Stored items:
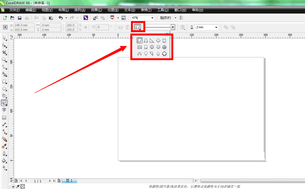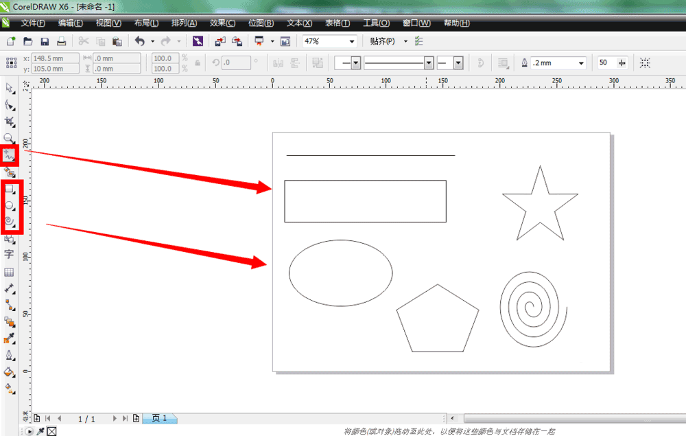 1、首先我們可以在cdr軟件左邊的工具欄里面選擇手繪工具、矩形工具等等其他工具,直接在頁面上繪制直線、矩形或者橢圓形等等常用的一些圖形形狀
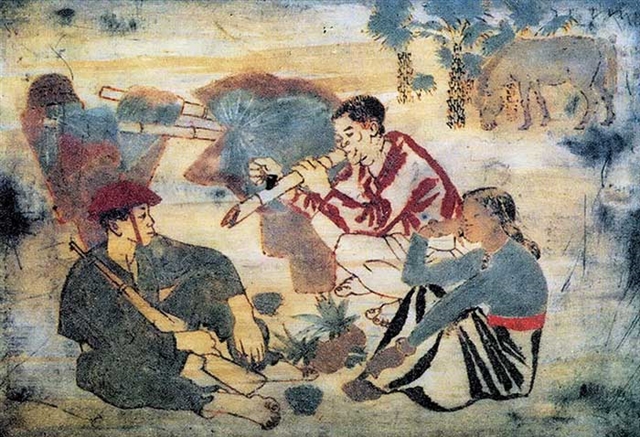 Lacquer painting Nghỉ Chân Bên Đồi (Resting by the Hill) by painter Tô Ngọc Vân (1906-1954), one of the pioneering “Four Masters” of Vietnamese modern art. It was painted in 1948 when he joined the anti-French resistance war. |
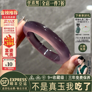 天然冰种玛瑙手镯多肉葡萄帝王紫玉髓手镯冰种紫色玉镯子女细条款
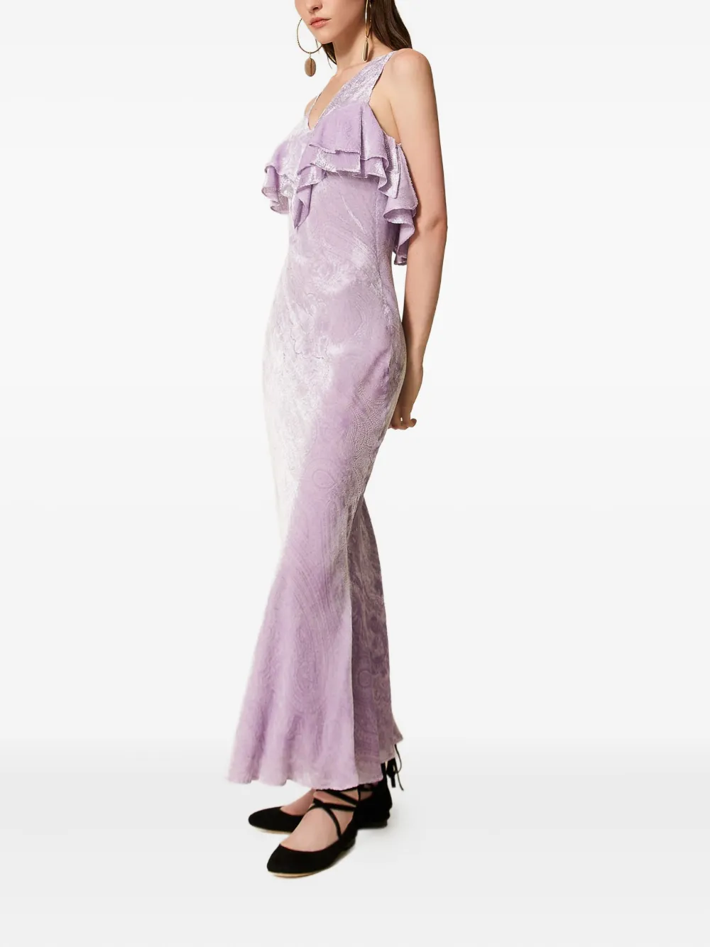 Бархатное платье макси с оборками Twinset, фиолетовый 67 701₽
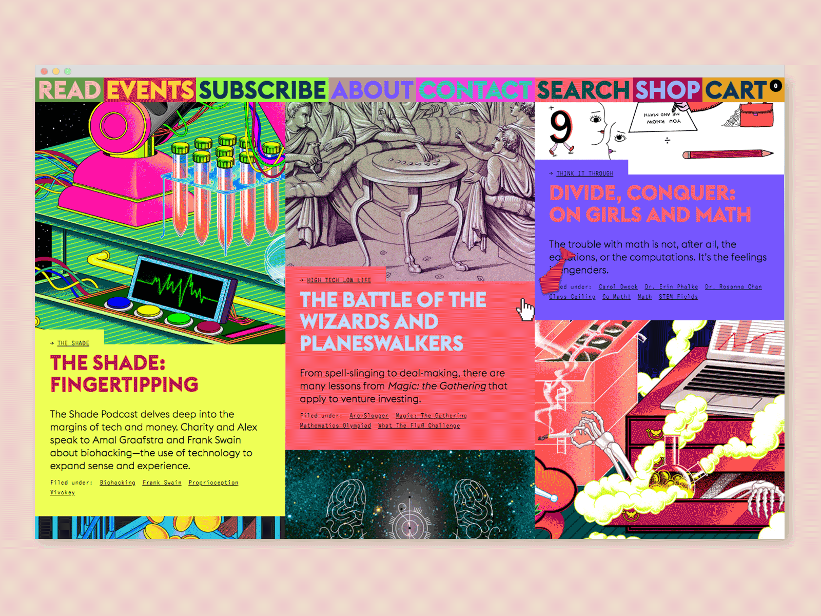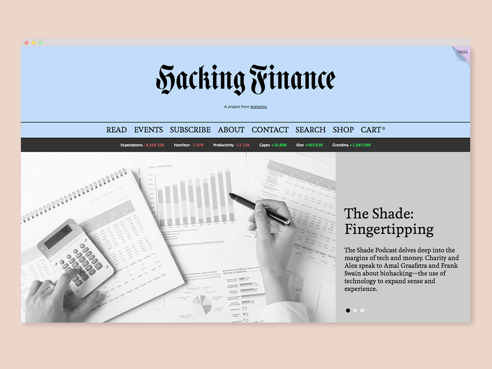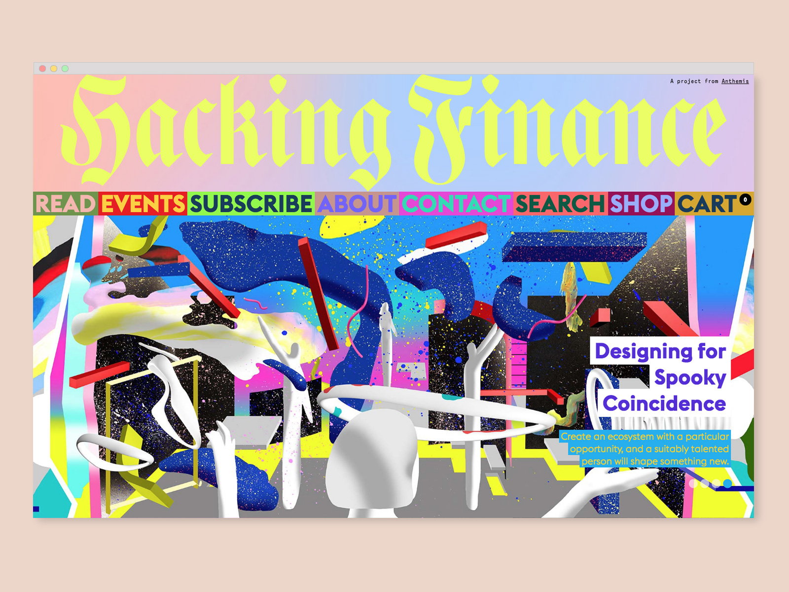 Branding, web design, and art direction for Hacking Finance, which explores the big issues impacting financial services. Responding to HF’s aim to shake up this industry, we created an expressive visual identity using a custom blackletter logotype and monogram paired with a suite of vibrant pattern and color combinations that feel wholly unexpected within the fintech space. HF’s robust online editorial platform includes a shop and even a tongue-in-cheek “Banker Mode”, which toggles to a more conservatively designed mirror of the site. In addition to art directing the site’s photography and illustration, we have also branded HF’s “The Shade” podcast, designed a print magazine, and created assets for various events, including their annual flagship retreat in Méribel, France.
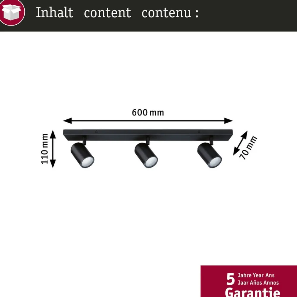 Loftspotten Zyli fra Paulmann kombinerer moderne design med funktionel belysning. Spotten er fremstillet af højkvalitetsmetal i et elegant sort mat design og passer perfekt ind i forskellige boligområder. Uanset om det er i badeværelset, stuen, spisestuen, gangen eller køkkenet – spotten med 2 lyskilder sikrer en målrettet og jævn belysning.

Work instruction →
Nothing but the lines from the start of the records through the line holding "Branding, web design, and" should be printed, exactly as written and with the pictures left out.

Response to the exercise →
 1、首先我們可以在cdr軟件左邊的工具欄里面選擇手繪工具、矩形工具等等其他工具,直接在頁面上繪制直線、矩形或者橢圓形等等常用的一些圖形形狀
 Lacquer painting Nghỉ Chân Bên Đồi (Resting by the Hill) by painter Tô Ngọc Vân (1906-1954), one of the pioneering “Four Masters” of Vietnamese modern art. It was painted in 1948 when he joined the anti-French resistance war. |
 天然冰种玛瑙手镯多肉葡萄帝王紫玉髓手镯冰种紫色玉镯子女细条款
 Бархатное платье макси с оборками Twinset, фиолетовый 67 701₽
 Branding, web design, and art direction for Hacking Finance, which explores the big issues impacting financial services. Responding to HF’s aim to shake up this industry, we created an expressive visual identity using a custom blackletter logotype and monogram paired with a suite of vibrant pattern and color combinations that feel wholly unexpected within the fintech space. HF’s robust online editorial platform includes a shop and even a tongue-in-cheek “Banker Mode”, which toggles to a more conservatively designed mirror of the site. In addition to art directing the site’s photography and illustration, we have also branded HF’s “The Shade” podcast, designed a print magazine, and created assets for various events, including their annual flagship retreat in Méribel, France.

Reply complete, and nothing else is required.